EBIT for the full year period was EUR1.76bn compared to EUR1.08bn for the same period last year.


Net profit for the full year period was EUR1.02bn compared to EUR209m for the last year period. Diluted earnings per share for the quarter were EUR2.08, an increase of 387 per cent compared to EUR0.43 for the last year.

The company has witnesses 18 per cent organic net profit growth, driven by higher revenue per hectolitre, and cost reductions, offsetting 5.4 per cent organically lower consolidated beer volume due to the global economic downturn.

According to the company, the international spread of its assets has continued to be a competitive strength in the recession with all regions contributing to a strong 14 per cent rise in organic EBIT growth.

Jean-François van Boxmeer, chairman and CEO of Heineken, said: "We have taken significant steps to transform and strengthen the future of our business. The intended acquisition of FEMSA Cerveza and our new partnership with United Breweries in India have increased our exposure to fast growing, developing markets.

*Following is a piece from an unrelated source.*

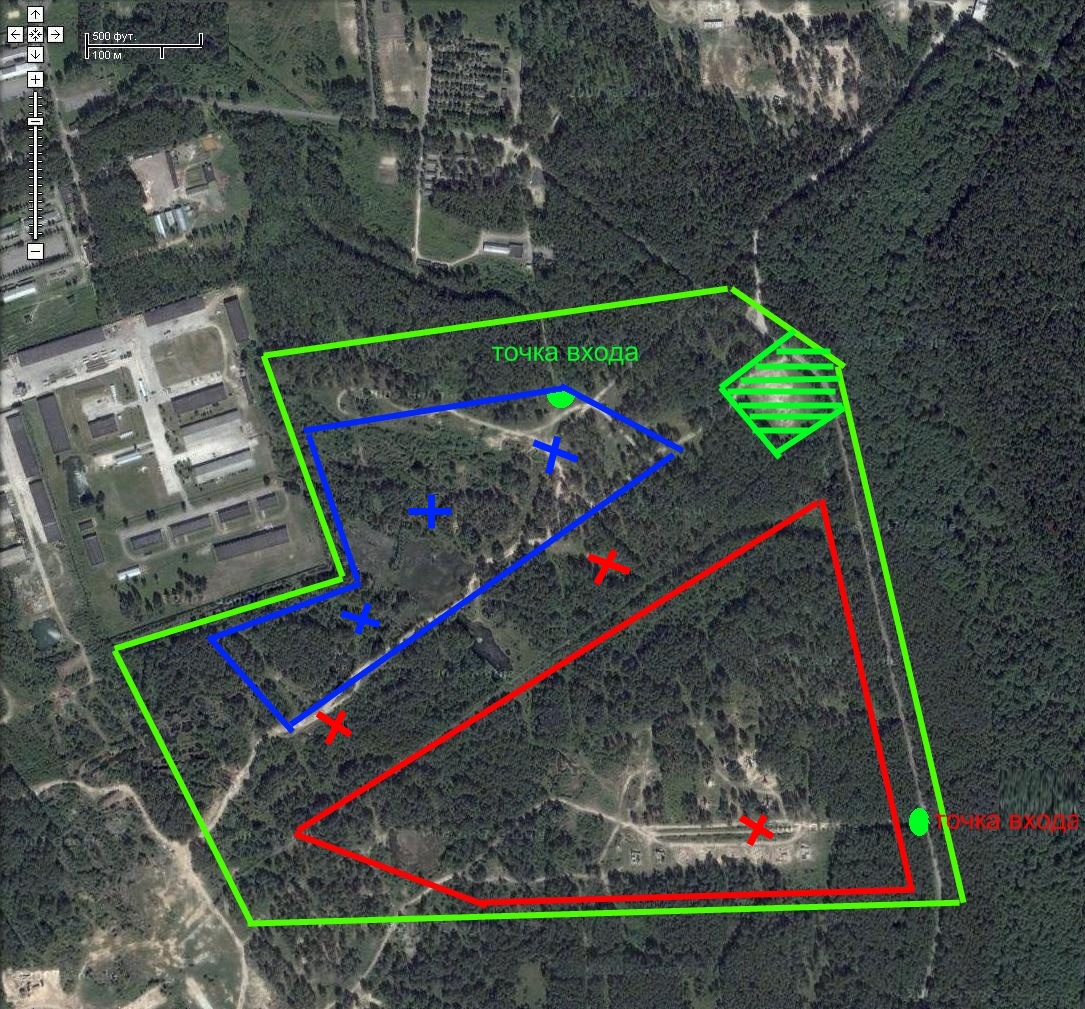 Сторона Оборона должна разметить 3 флага в точках обозначенных синими крестами. Сторона Атака должна разместить 3 флага в точках обозначенных красными крестами.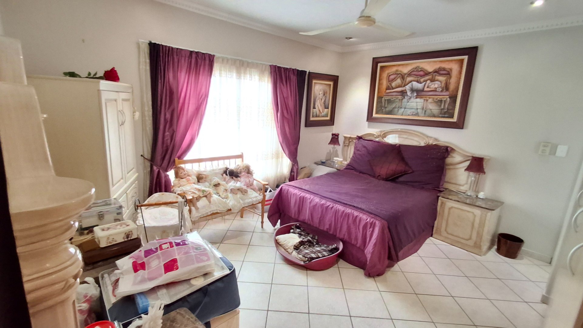 The three generously sized bedrooms offer ample space for family members, with the master bedroom boasting an en-suite bathroom featuring his-and-hers shower basins and toilet. Two bathrooms ensure that everyone has their own space.

These agreements together with our new, fully operational brewery in South Africa will materially enhance the growth profile of Heineken.

"Looking ahead, we will continue to invest in the growth of our brands, particularly Heineken. We will leverage our leadership in Europe and increase our marketing investments in order to grow value share. We will continue to deliver significant savings via our TCM programme, drive strong cash flow generation and ensure that our new markets will deliver further improvement in profit. We will work fast to complete the acquisition and integration of FEMSA Cerveza in order to unlock the synergies and potential of the combined business."

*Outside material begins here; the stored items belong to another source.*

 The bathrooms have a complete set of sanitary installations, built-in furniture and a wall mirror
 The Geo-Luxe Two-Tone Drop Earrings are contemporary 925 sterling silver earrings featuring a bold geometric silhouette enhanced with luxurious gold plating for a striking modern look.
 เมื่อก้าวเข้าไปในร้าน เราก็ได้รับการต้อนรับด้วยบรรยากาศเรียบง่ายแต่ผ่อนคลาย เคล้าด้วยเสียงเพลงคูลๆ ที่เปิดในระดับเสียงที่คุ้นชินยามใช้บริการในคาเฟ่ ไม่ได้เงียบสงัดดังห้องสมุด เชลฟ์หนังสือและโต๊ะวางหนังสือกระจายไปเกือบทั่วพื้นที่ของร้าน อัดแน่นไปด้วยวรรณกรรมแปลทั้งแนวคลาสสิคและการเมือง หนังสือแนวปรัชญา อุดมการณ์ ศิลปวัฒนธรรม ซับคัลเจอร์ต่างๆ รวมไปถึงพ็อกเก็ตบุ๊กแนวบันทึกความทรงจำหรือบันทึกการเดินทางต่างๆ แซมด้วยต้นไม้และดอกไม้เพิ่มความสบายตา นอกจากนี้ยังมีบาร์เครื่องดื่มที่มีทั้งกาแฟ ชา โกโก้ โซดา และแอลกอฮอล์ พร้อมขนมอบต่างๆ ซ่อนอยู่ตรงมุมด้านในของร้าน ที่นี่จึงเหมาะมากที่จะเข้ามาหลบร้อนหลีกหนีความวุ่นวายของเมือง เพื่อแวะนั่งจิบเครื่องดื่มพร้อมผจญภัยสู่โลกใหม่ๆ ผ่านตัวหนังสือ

For 2010, Heineken reiterates its target of reducing its net debt/EBITDA (beia) ratio to below 2.5 times and expects an average interest rate of approximately 6 per cent and an effective tax rate in the range of 25-27 per cent. It also anticipates a further organic decline in the number of employees. Heineken is preparing for the integration of FEMSA Cerveza, which will begin once the acquisition has been completed in the second quarter of 2010.